On February 8, 1944 she tells us that the German Consul opposes the looting of Florence that some German soldiers soldiers favor.  This is the very same heroic Gerhard Wolf who may have saved the Ponte Vecchio (

The Greek poet Aeschylus wrote, "In war, truth is the first casualty.  In 1943-44 Origo and her family, unsatisfied with the propaganda spewed out by Mussolini's Fascist state, were desperate to learn the truth about the progress of the war.  They listened clandestinely and at great risk to BBC radio broadcasts.  They also digested reports from various Axis and Allied combatants.

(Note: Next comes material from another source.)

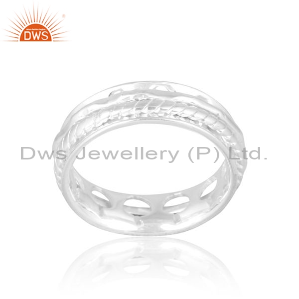 Sterling Silver White Ring With Uneven Layers And Patterns

On June 16, 1944, soon after D-day Origo comments on the morale of German soldiers who have been billeted on her farm. "As to the general morale, they are all quite frankly tired of the war and of five years away from their houses and families, appalled by the bombing of Germany, and depressed by the turn of events here and in France.  But there is not one of them who does not still express his blind conviction that Germany cannot be beaten, and their equally blind belief in a terrible Vergeltung ("Retribution") against England, which is close at hand.  What form it will take, they say, they do not know, but the Fuhrer has promised it to them and he has never yet failed to keep promises to his own people."
Hitler's Vergeltung
V-2 Rocket, Flying Heritage Collection,
Everett, WA
On June 18, 1944 Origo is disturbed to hear "terrible news from England".  "In the late afternoon, as we are standing by a trench, a sergeant comes up and tells Antonio with glee that die Vergeltung is going on splendidly.  The details, he says, come from the neutral radio, Swiss and Swedish.  They say that it has been going on steadily since the 15th, and that the whole of London and the south coast is aflame.  There is no possibility of the landing in France continuing, and the troops there will be encircled. 'What wouldn't I give to see it!' he cries.  I feel sick and blind with misery, and go back to the house.  Oh, England, England!" 

More Vergeltung
V-1 and Piloted Test Rocket, FHC, Everettt, WA
On June 29th, 1944 her farm was finally liberated by British troops from the Eighth Army.  She was reassured to learn from an officer that damage from the flying bombs in London "is too erratic to be considered a serious military menace."

In spite of the death and destruction that swirled around them, Origo's diary is ultimately an affirmation of the power of life and the resiliency of humanity enduring the chaos of the most terrible war in history.  In spite of everything life somehow finds a way.  Origo was pregnant and delivered her second child at a hospital in Rome while Allied bombs were falling.

Siena 2013, Italy
Origo concludes her diary as follows, "The Fascist and German menaces are receding.  The day will come when at last the boys will return to their ploughs, and the dusty clay-hills of the Val d'Orcia will again 'blossom like the rose'.  Destruction and death have visited us, but now -- there is hope in the air."